The solar concentrator part does not appear to pose any serious design or deployment challenges. The working engine choice is our present challenge. We have considered the Tesla turbine, the standard bladed turbine, a piston steam engine, and off-shelf turbines/rotors taken from other applications. We need your help to evaluate these choices or suggest others. Be part of helping to make an open source solar turbine a reality. Here is our evaluation of different options:

Tesla turbine – See link. Proven results show a performance about half as good as that of standard bladed turbines (reference 1 below). Warren Rice shows in a peer-reviewed paper that the best results (1.5 hp for a 5 lb/min flow rate of air) appear to be at least 4 times worse than low-performance piston steam engines (1 hp for 0.6 lb/min steam) such as this off-shelf model. Note that Tesla turbine efficiencies are reported around 20% – but one must be careful about the definition of efficiency used. Advantages: low cost and simplicity of fabrication, scalability – <$1k for a 5 kW turbine. Disadvantages: poor efficiency. Summary: If proven efficiencies are at least 4x worse than standard piston steam engines, then the Tesla turbine should be eliminated as a feasible engine choice.
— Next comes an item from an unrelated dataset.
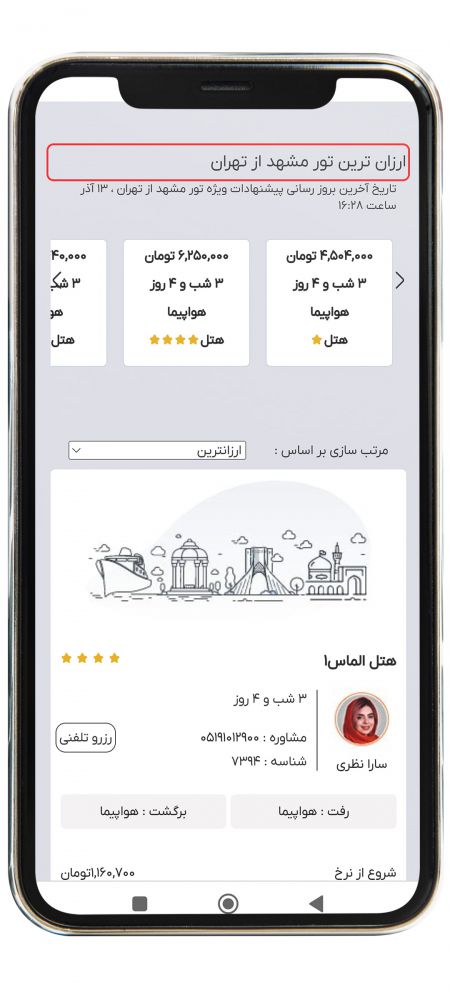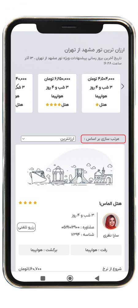 همچنین می توانید با استفاده از گزینه"قیمت" لیست پروازها را مرتب کنید.

Bladed turbine – See link. Proven parameters indicate performance (mass flow of 3 lb/min for 5 hp power output for the T-500 turbine) similar to low-performance piston steam engines. Advantages: good performance. Disadvantages: high RPM requires gear reduction. Difficult to fabricate and balance the turbine. No small-scale off-shelf versions are available. Summary: if piston steam engines show similar performance, then it is more effective to utilize a piston engine due to its higher simplicity and lower cost.

Steam engine – the standard piston steam engine appears to be a winner based on performance. Off-shelf, low-performance models produce 3.5 kW of electric power from a steam flow rate of 5 lb/min – which is the theoretical solar steam output from our 10×40 foot array. Advantages: Adequate performance; off-shelf availability. Disadvantages: off-shelf model of 3 kW electric capacity production is $4k. Summary: The piston steam engine could be a proven test bed for OSE’s solar turbine, and other options should be evaluated. Simplification, optimization, and in-house fabrication of said engine will result in <$1k steam engines of interest.
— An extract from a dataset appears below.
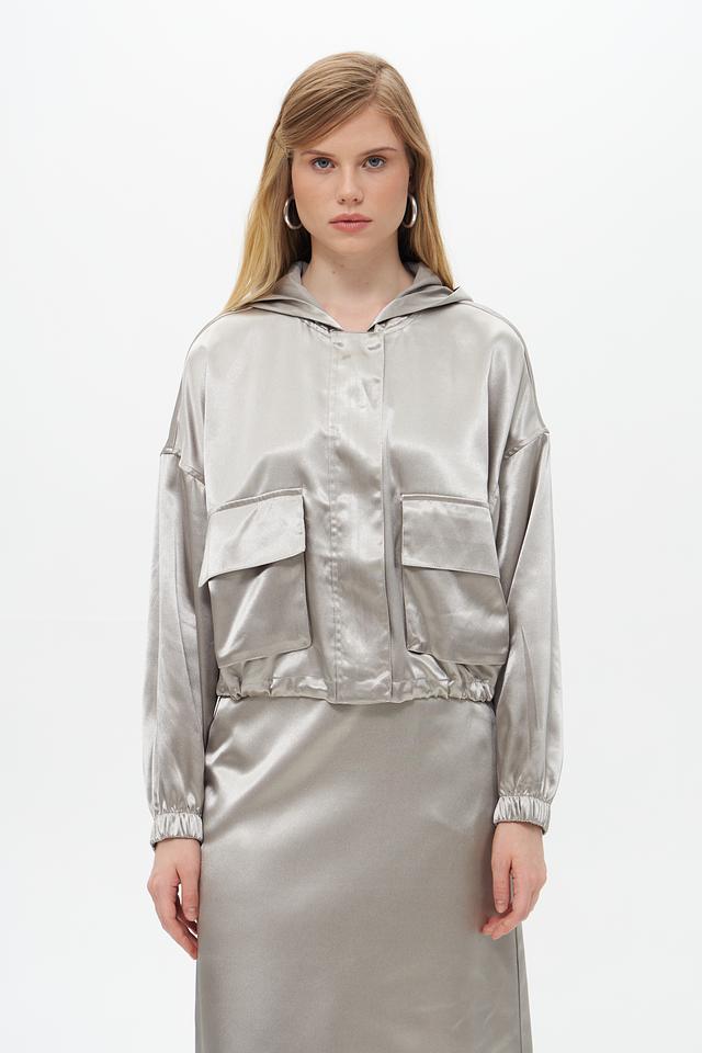 Стильный жакет Lecomte серого цвета выполнен из гладкого атласа. Модель с капюшоном и удобными карманами станет отличным дополнением к вашему образу. Жакет изготовлен из 100% полиэстера. Состав: полиэстер 100%

Other turbines – turbine pumps, turbos charger from diesel cars, and tractor centrifugal water pumps (for engine cooling) are good off-shelf candidates for a steam turbine system.

Turbine pumps – these are centrifugal pumps with turbine-shaped propellers. When operating in reverse, they function like a turbine. Advantage: off-shelf, possible low cost. Disadvantage: must be tested for steam operation; efficiency is questionable. Summary: should be evaluated.

Turbo charger – the MIT Solar Turbine is using a turbo charger from a car as the winning engine choice in their 1000 Watt solar thermal electric system (not steam-based). Advantages: a turbo from a car has the turbine shape that we are trying to build – and it is available off-shelf, and on-the-cheap from salvage. Readily testable. Disadvantages: Turbo pump may have to be modified for steam compatibility; are there turbo pumps that can produce a suitable power range? Summary: Should be investigated immediately for feasibility.

Tractor water pump – another option worth exploring. Advantage – readily available from salvage. Should be compatible with steam if it’s designed for near-boiling water temperatures. Disadvantage – what is the efficiency?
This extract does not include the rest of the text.